Return each entry word for word. Leave the images out.

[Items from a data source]
* * * * * * * * *

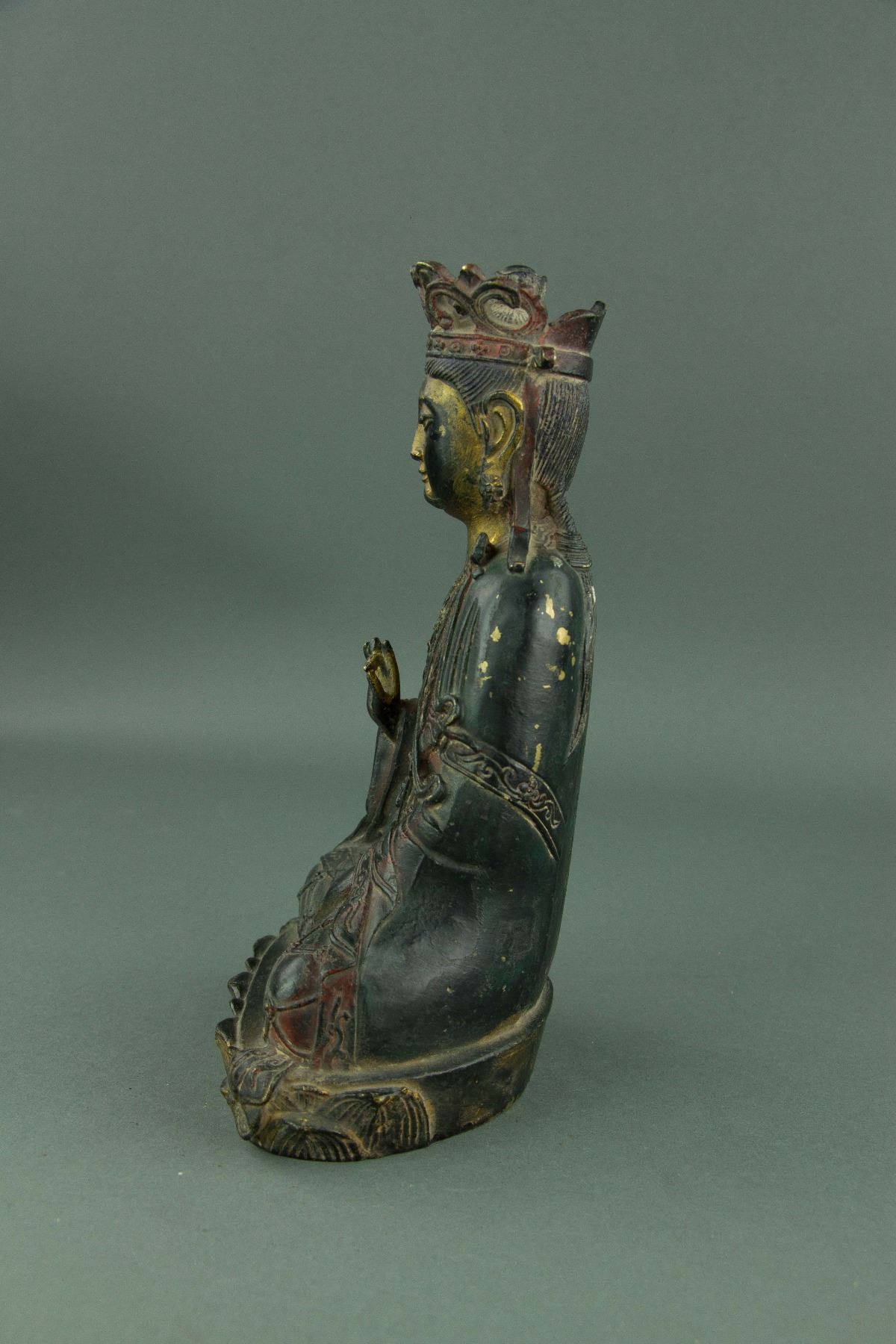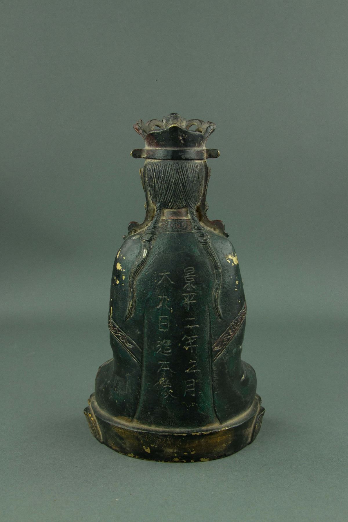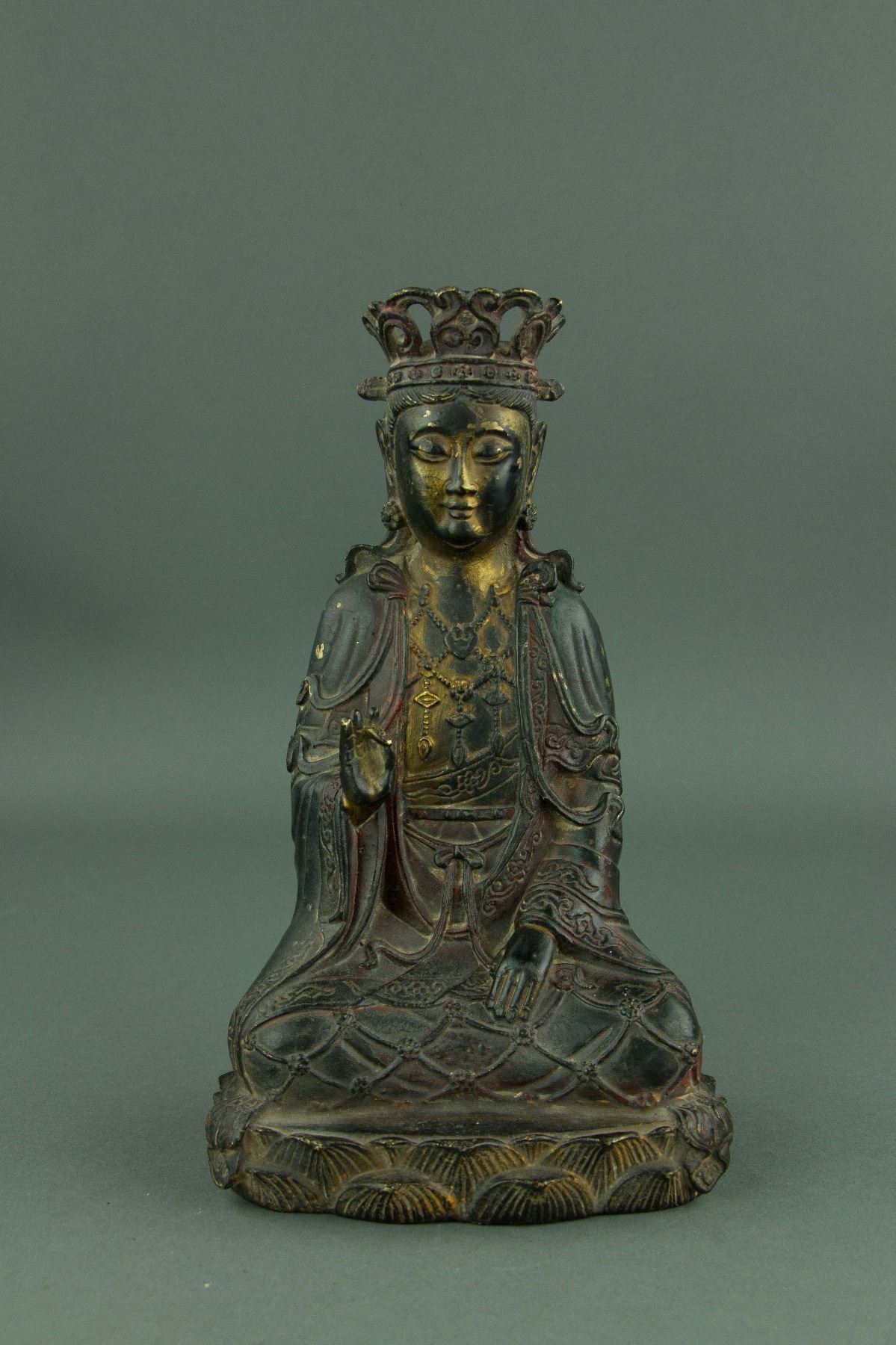 Northern Southern dynasties (420 to 589 AD) fine gilt bronze figure; cast with seated Kshitigarbha on lotus plinth; the back with Jingping (Liu Song dynasty) Second Year mark; H: 24 cm, W: 14 cm, 1893 grams
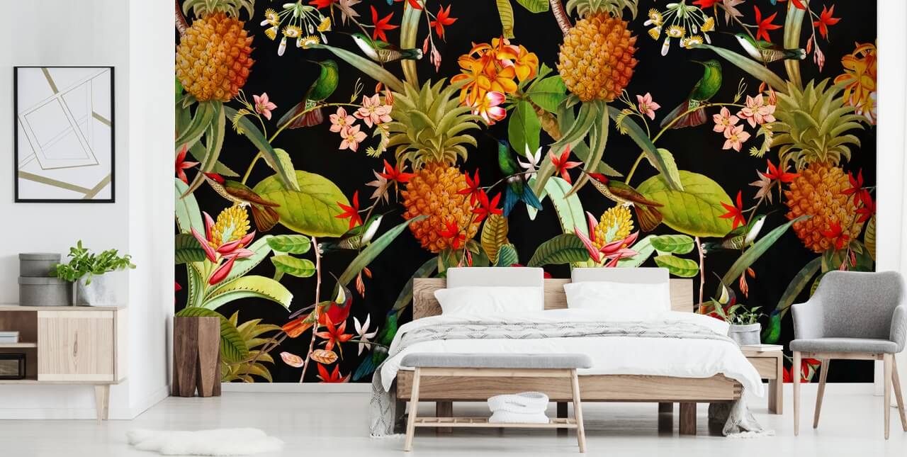 Consigue esa sensación de jungla con este papel pintado a medida de piñas tropicales. Fácil de pedir e instalar.
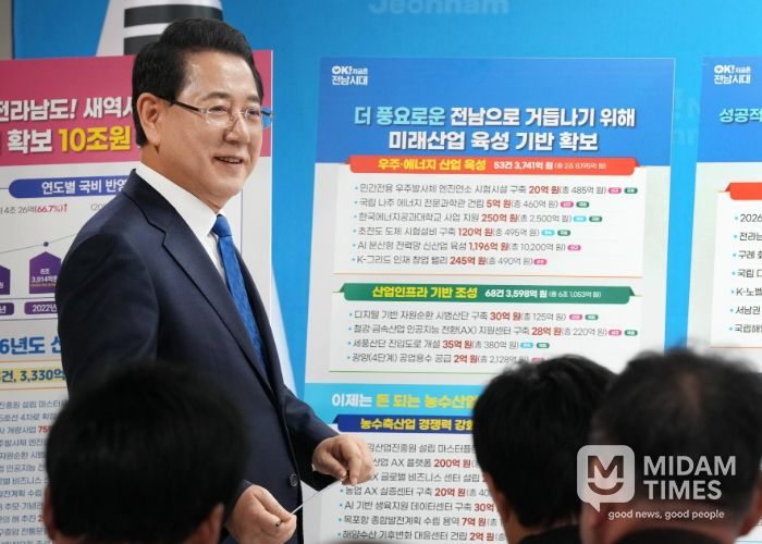 여기에 민간전용 우주발사체 엔진연소 시험시설, 디지털 기반 자원순환 시범산단, 국립 김 산업 진흥원설립, 2026 섬 방문의 해 추진 등 권역별로 경제 활성화를 이끌 신규사업도 103건 3천330억 원(총사업비 7조 3천억 원 규모)을 확보, 전남도의 성장동력을 꾸준히 이어가게 됐다.
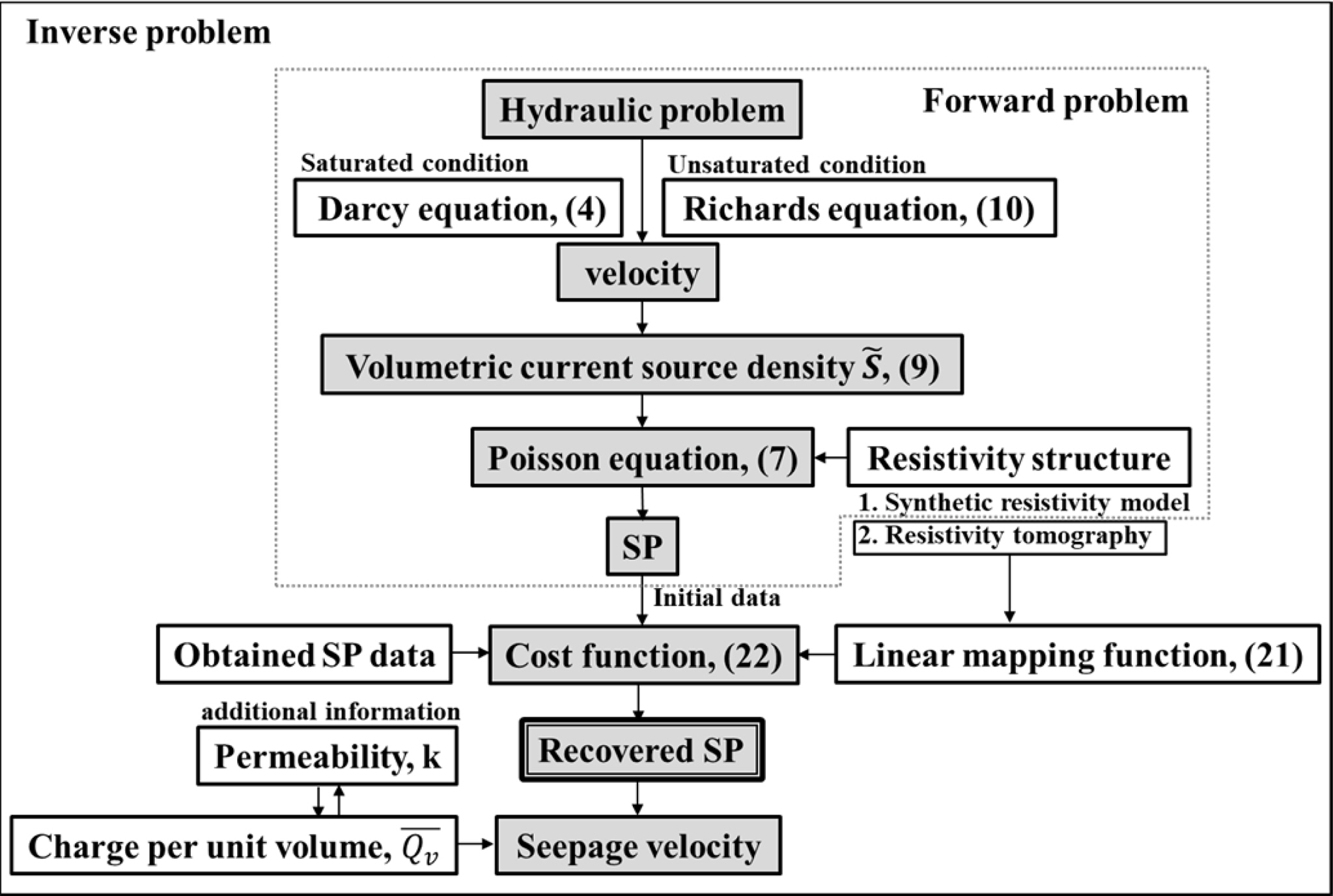 Fig. 2 A flowchart of forward modeling of streaming potential and inversion of self-potential (SP) survey data (modified from Bolève et al., 2009). |
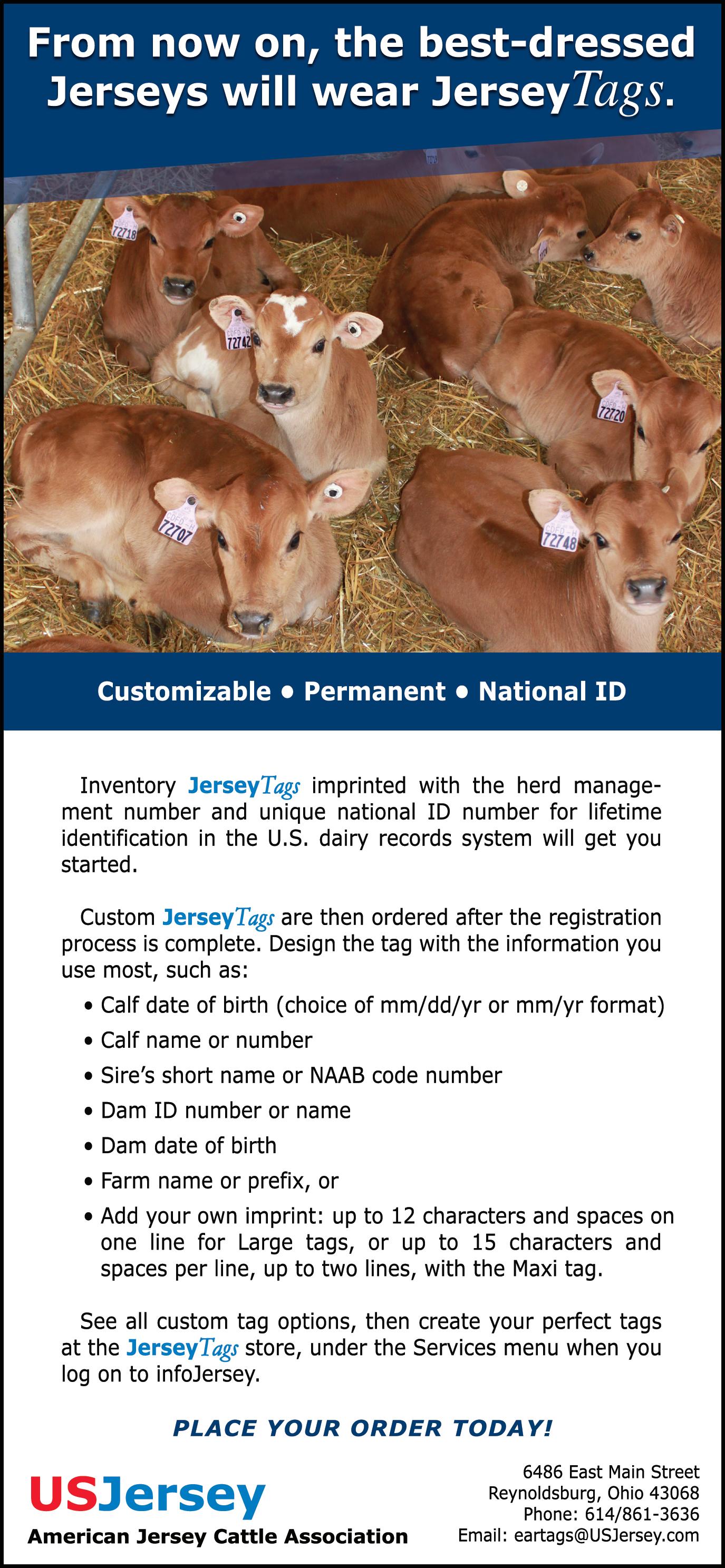 The American Jersey Cattle Association promotes the use of authentic and unaltered photographic images of Jersey animals, and disapproves of the use of any photographic images that alter the body of the Jersey animal. The American Jersey Cattle Association therefore requests that all photographic images of Jersey animals submitted for publication in the Jersey Journal contain no alterations to the body of the animal.
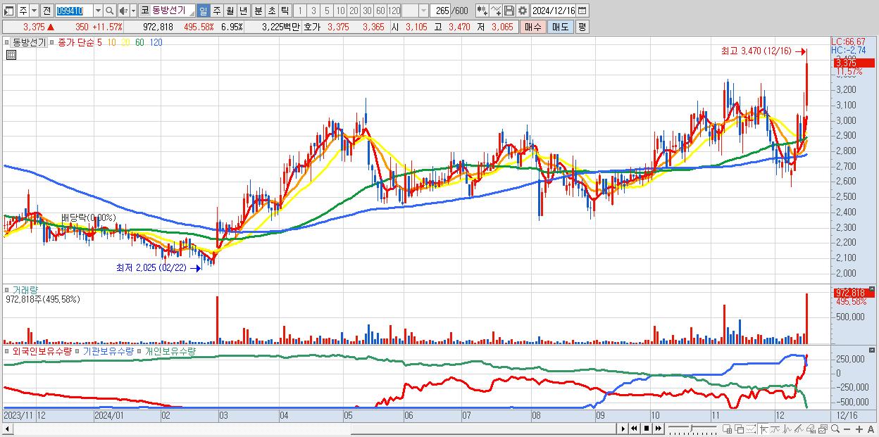 - 동방선기 (3,375원 ▲ 11.57% , 시총: 473억, 거래량: 972,818, 거래대금:32억, KOSDAQ)

* * * * * * * * *

_Task solution_
 Northern Southern dynasties (420 to 589 AD) fine gilt bronze figure; cast with seated Kshitigarbha on lotus plinth; the back with Jingping (Liu Song dynasty) Second Year mark; H: 24 cm, W: 14 cm, 1893 grams
 Consigue esa sensación de jungla con este papel pintado a medida de piñas tropicales. Fácil de pedir e instalar.
 여기에 민간전용 우주발사체 엔진연소 시험시설, 디지털 기반 자원순환 시범산단, 국립 김 산업 진흥원설립, 2026 섬 방문의 해 추진 등 권역별로 경제 활성화를 이끌 신규사업도 103건 3천330억 원(총사업비 7조 3천억 원 규모)을 확보, 전남도의 성장동력을 꾸준히 이어가게 됐다.
 Fig. 2 A flowchart of forward modeling of streaming potential and inversion of self-potential (SP) survey data (modified from Bolève et al., 2009). |
 The American Jersey Cattle Association promotes the use of authentic and unaltered photographic images of Jersey animals, and disapproves of the use of any photographic images that alter the body of the Jersey animal. The American Jersey Cattle Association therefore requests that all photographic images of Jersey animals submitted for publication in the Jersey Journal contain no alterations to the body of the animal.
 - 동방선기 (3,375원 ▲ 11.57% , 시총: 473억, 거래량: 972,818, 거래대금:32억, KOSDAQ)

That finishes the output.